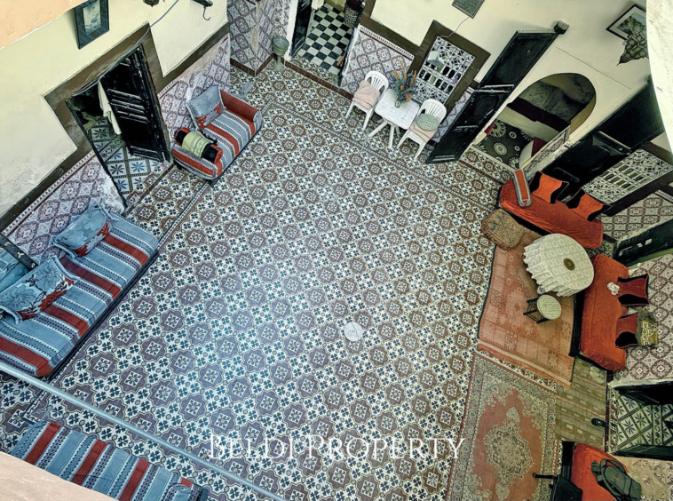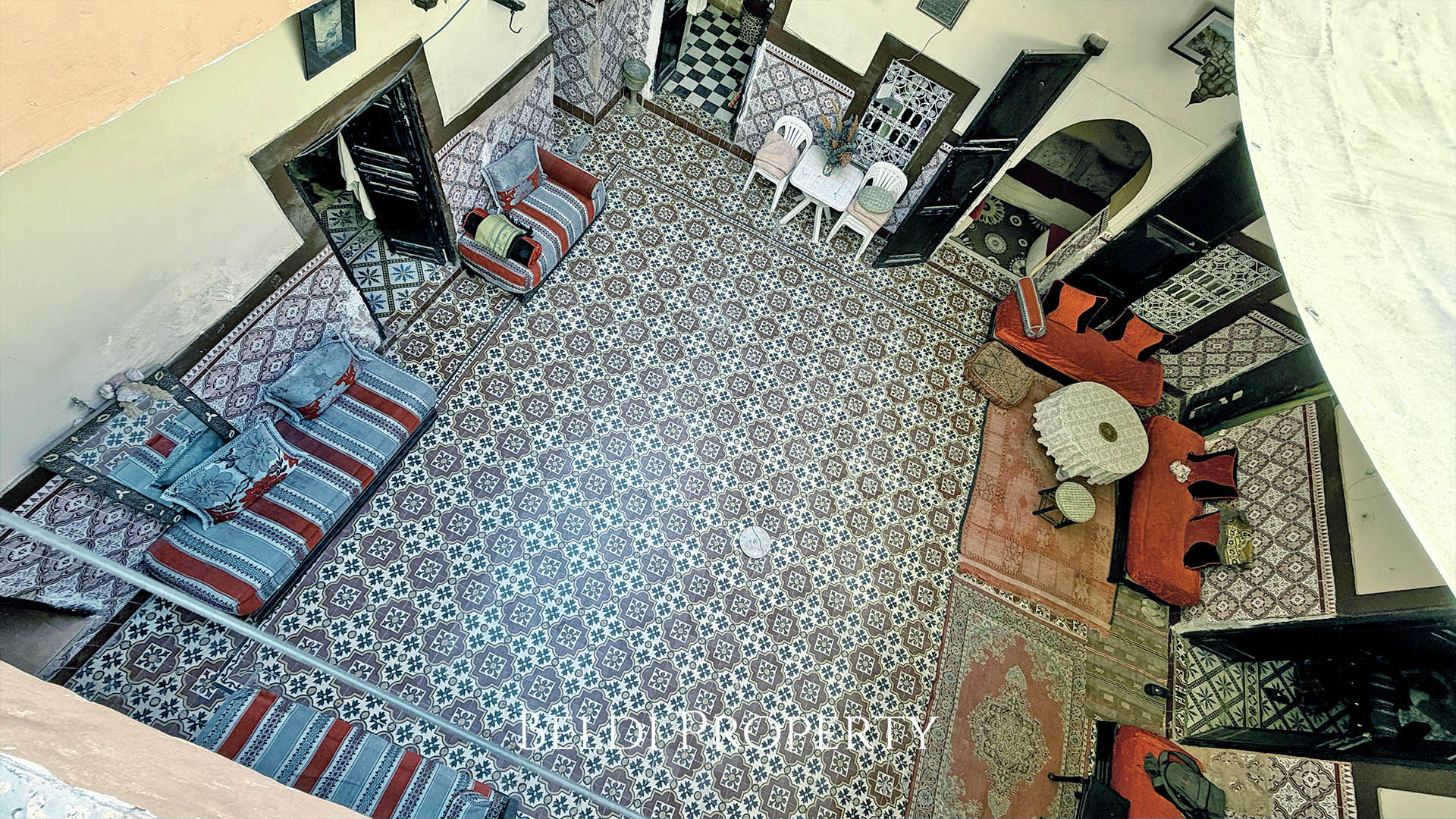 Le riad bénéficie d’une superficie de 220 m² au sol, répartie autour d’un patio central. Il dispose de deux entrées indépendantes ainsi que de deux escaliers séparés, correspondant au cahier des charges 2025 pour l’obtention du classement maison d’hôtes
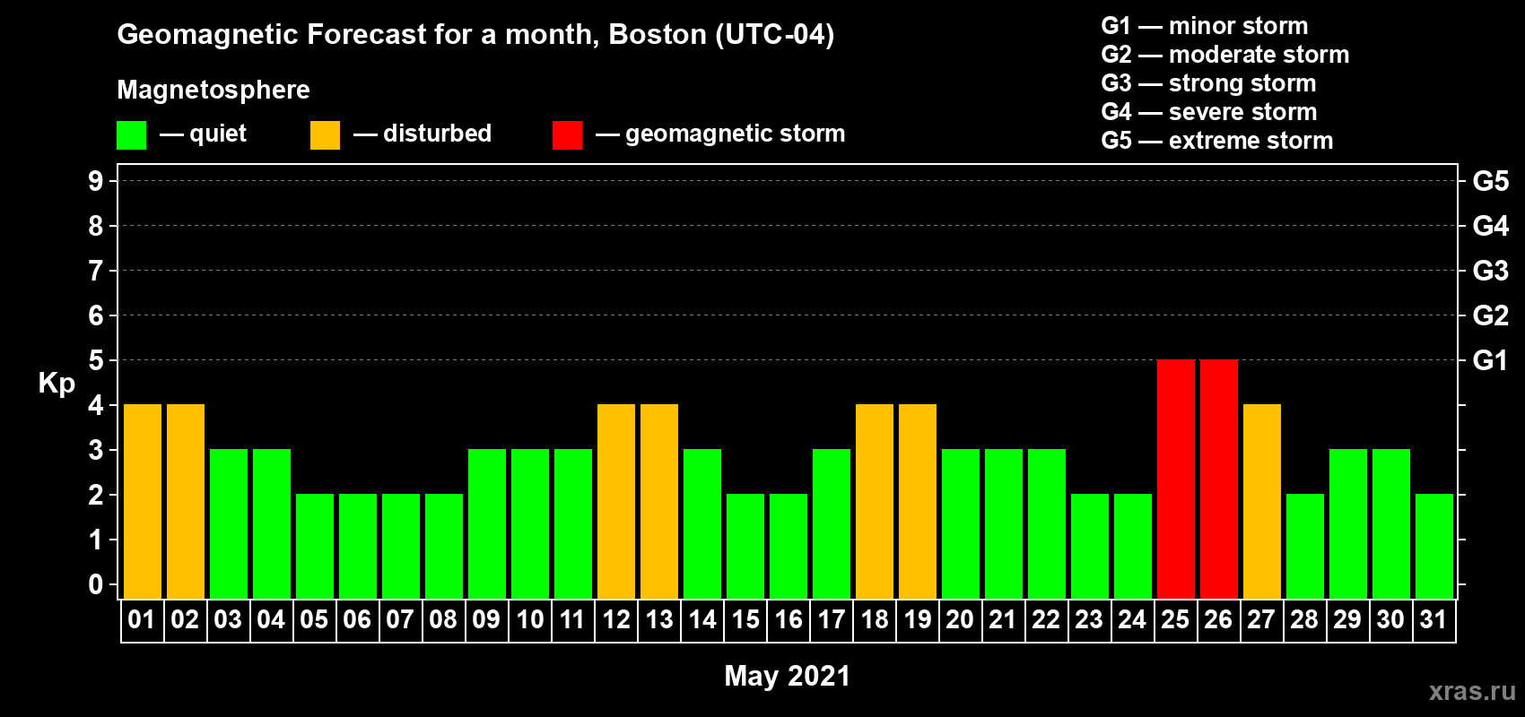 Geomagnetic storm forecast in Boston for May 01, 2021
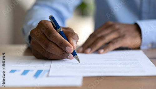 writing, hand, pen, document, paper, business, office, work, agreements, signing, signature, paperwork, closeup, detail, professional, employee, person, man, black, skin, blue, colours, chart, graph, datum, information, analysis, planning, strategy, report, meeting, contract, legal, corporate, finance, accounting, review, study, project, plan, decision, process, concept, idea, communication, collaboration, sharpened, modern, contemporary
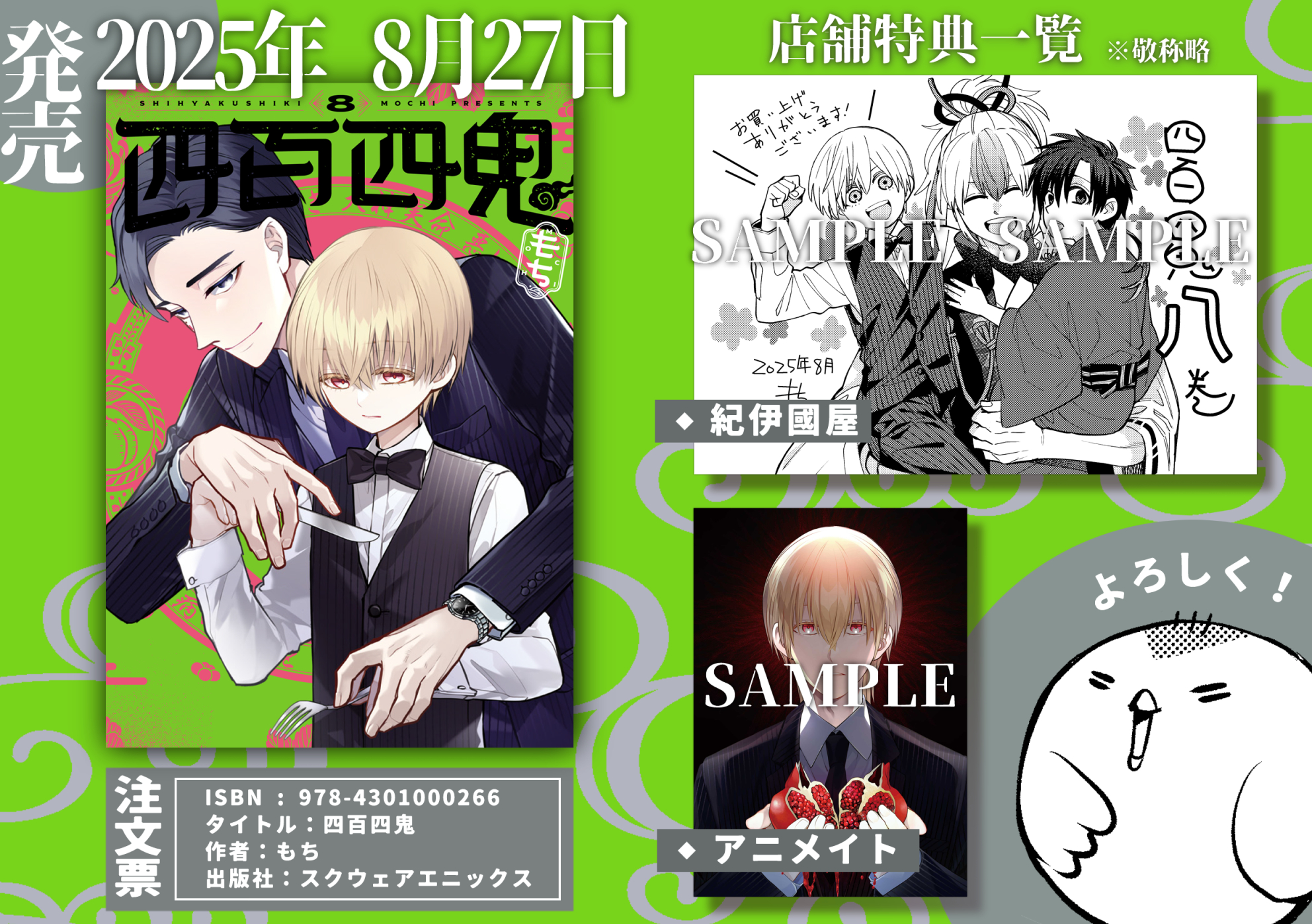 というわけで、帯には因幡くじの宣伝もついててレアなかんじ!好評発売中の『四百四鬼』8巻、よろしくお願いします☆
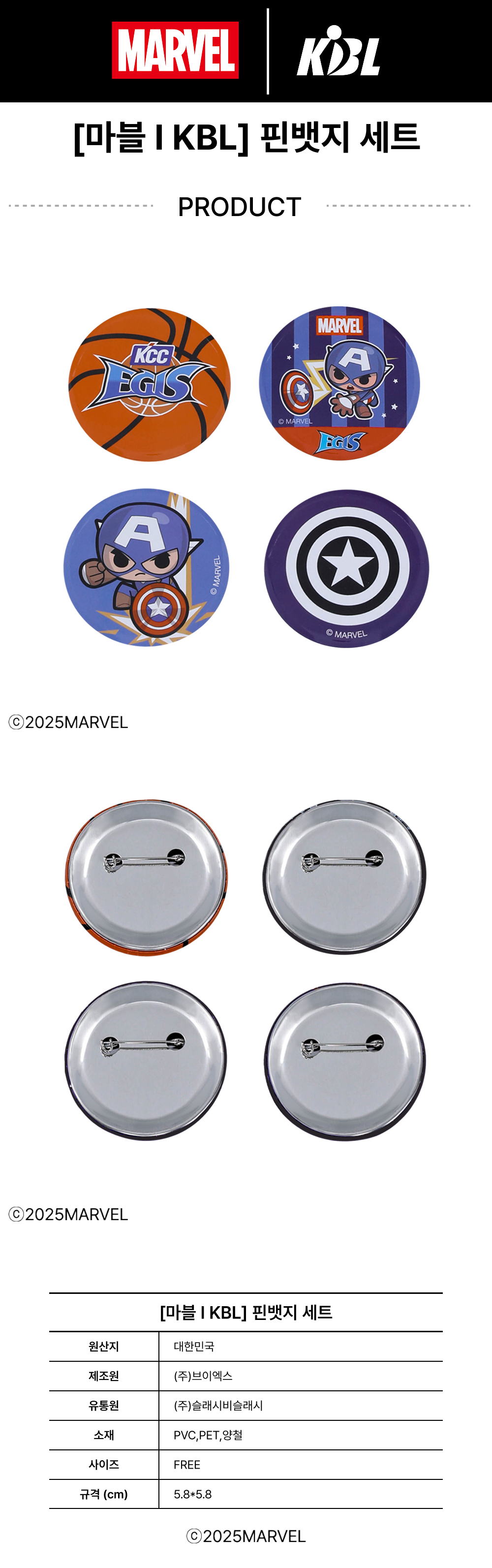 KBL X MARVELCollection Busan KCC Egis Captain America Pin Badge Set (4pcs)
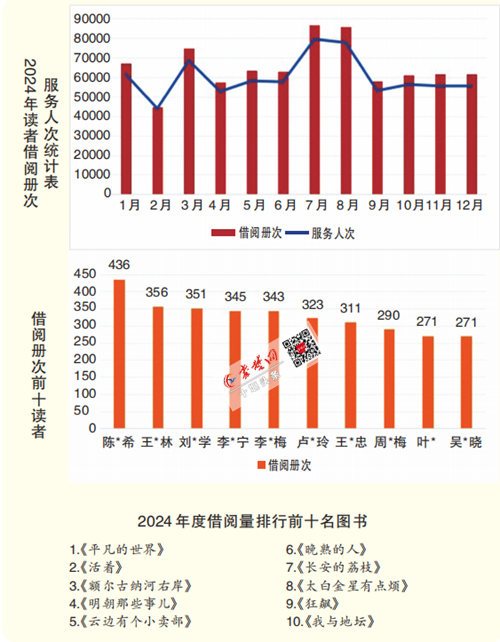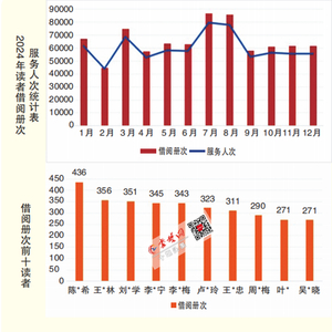 2024年,市图书馆全年借阅书刊78.2万册次、服务读者71.6万人次,较上一年同比分别增长2.3%、1.6%,平均每天入馆人次为1956人次。
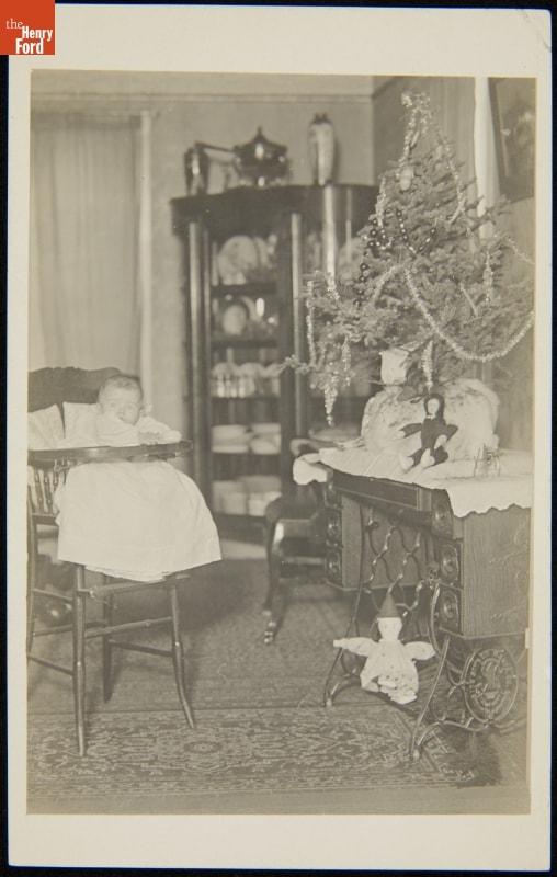 Ethel Grace Fitzgibbons in High Chair near Christmas Tree and Toys, 1911
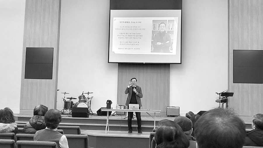 네 부문의 에피소드로 나눠 진행한 정 교수는 “을사늑약 120년과 남북 분단 80년이 되는 올해 우리는 격랑,격동의 시간인 용과 뱀 사이 ‘이무기의 시간’을 지나고 있다”고 의미있는 풀이로 강연을 시작하며 “이스라엘-하마스와 우크라이나-러시아 전쟁 등 세계는 증오와 분노에서 비롯된 참혹한 전쟁의 와중에 있고 남과 북은 단절의 아픔이 심화되고 있다”면서 “전쟁은 모든 것을 파괴하고 인간성을 말살한다. 한반도에서도 또다시 전쟁이 있어서는 절대 안된다”고 역설했다. 그는 이어 “이스라엘이 블레셋과 대적할 때 아브라함이 적군인 블레셋을 위해 중보기도하여 전쟁이 끝난 것처럼, 우리 한국교회도 저주가 아닌 적을 향해 하나님 뜻에 합한 기도를, 북한을 위해 기도해야 할 때”라고 말했다.
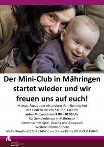 09.00 Uhr Mini-Club im Kinderkirchraum des Ev. Gemeindehauses
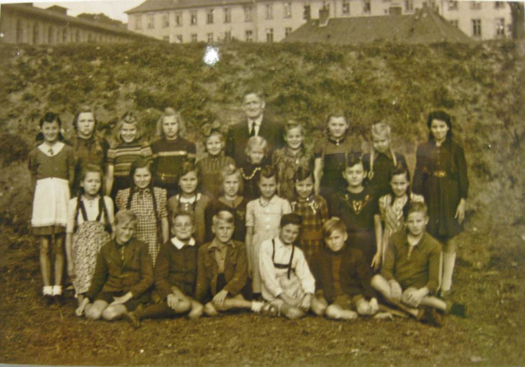 Auf dem Zeugnis hat ein Klassenlehrer Hasse unterschrieben und auf den beiden Klassenfotos von 1949 und 1950 sind Klassenlehrer zu sehen. Vielleicht erkennt ja einer unserer Bugenhagenschüler den Lehrer Hasse?
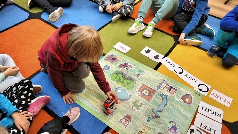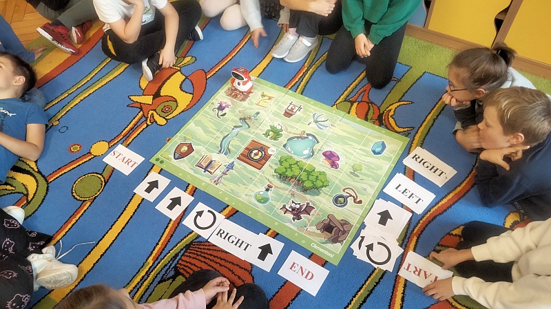 Uczniowie z dużym zaangażowaniem pracują w oparciu o tematykę i program roczny w którym zawarte są treści dotyczące kształtowania i rozwijania umiejętności w zakresie kodowania i programowania. W I semestrze roku szkolnego uczniowie pracowali na macie edukacyjnej z kolorowymi kubeczkami i kafelkami. Ćwiczenia miały na celu rozwijanie zainteresowań związanych z łamigłówkami, ćwiczeniami ruchowymi, zabawami matematycznymi, czy grami planszowymi.Dzieci układały historyjki obrazkowe oraz kody do samodzielnie zaprojektowanych rysunków.
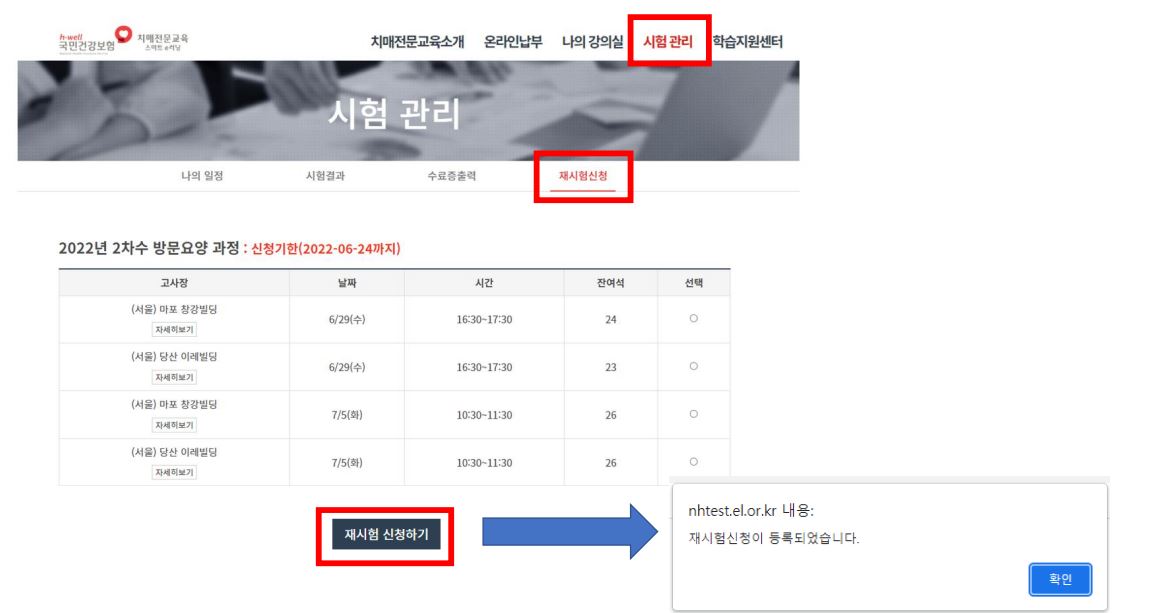 재시험은 치매전문교육 스마트 e러닝 홈페이지에서 [시험관리]-[재시험신청]에서 강의실을 선택한후 재시험을 신청할 수 있습니다.
________________________
Range to copy from the listing above: the line with "네 부문의 에피소드로" through the line with "Uczniowie z dużym". Transcribe it exactly and skip the pictures.

 네 부문의 에피소드로 나눠 진행한 정 교수는 “을사늑약 120년과 남북 분단 80년이 되는 올해 우리는 격랑,격동의 시간인 용과 뱀 사이 ‘이무기의 시간’을 지나고 있다”고 의미있는 풀이로 강연을 시작하며 “이스라엘-하마스와 우크라이나-러시아 전쟁 등 세계는 증오와 분노에서 비롯된 참혹한 전쟁의 와중에 있고 남과 북은 단절의 아픔이 심화되고 있다”면서 “전쟁은 모든 것을 파괴하고 인간성을 말살한다. 한반도에서도 또다시 전쟁이 있어서는 절대 안된다”고 역설했다. 그는 이어 “이스라엘이 블레셋과 대적할 때 아브라함이 적군인 블레셋을 위해 중보기도하여 전쟁이 끝난 것처럼, 우리 한국교회도 저주가 아닌 적을 향해 하나님 뜻에 합한 기도를, 북한을 위해 기도해야 할 때”라고 말했다.
 09.00 Uhr Mini-Club im Kinderkirchraum des Ev. Gemeindehauses
 Auf dem Zeugnis hat ein Klassenlehrer Hasse unterschrieben und auf den beiden Klassenfotos von 1949 und 1950 sind Klassenlehrer zu sehen. Vielleicht erkennt ja einer unserer Bugenhagenschüler den Lehrer Hasse?
 Uczniowie z dużym zaangażowaniem pracują w oparciu o tematykę i program roczny w którym zawarte są treści dotyczące kształtowania i rozwijania umiejętności w zakresie kodowania i programowania. W I semestrze roku szkolnego uczniowie pracowali na macie edukacyjnej z kolorowymi kubeczkami i kafelkami. Ćwiczenia miały na celu rozwijanie zainteresowań związanych z łamigłówkami, ćwiczeniami ruchowymi, zabawami matematycznymi, czy grami planszowymi.Dzieci układały historyjki obrazkowe oraz kody do samodzielnie zaprojektowanych rysunków.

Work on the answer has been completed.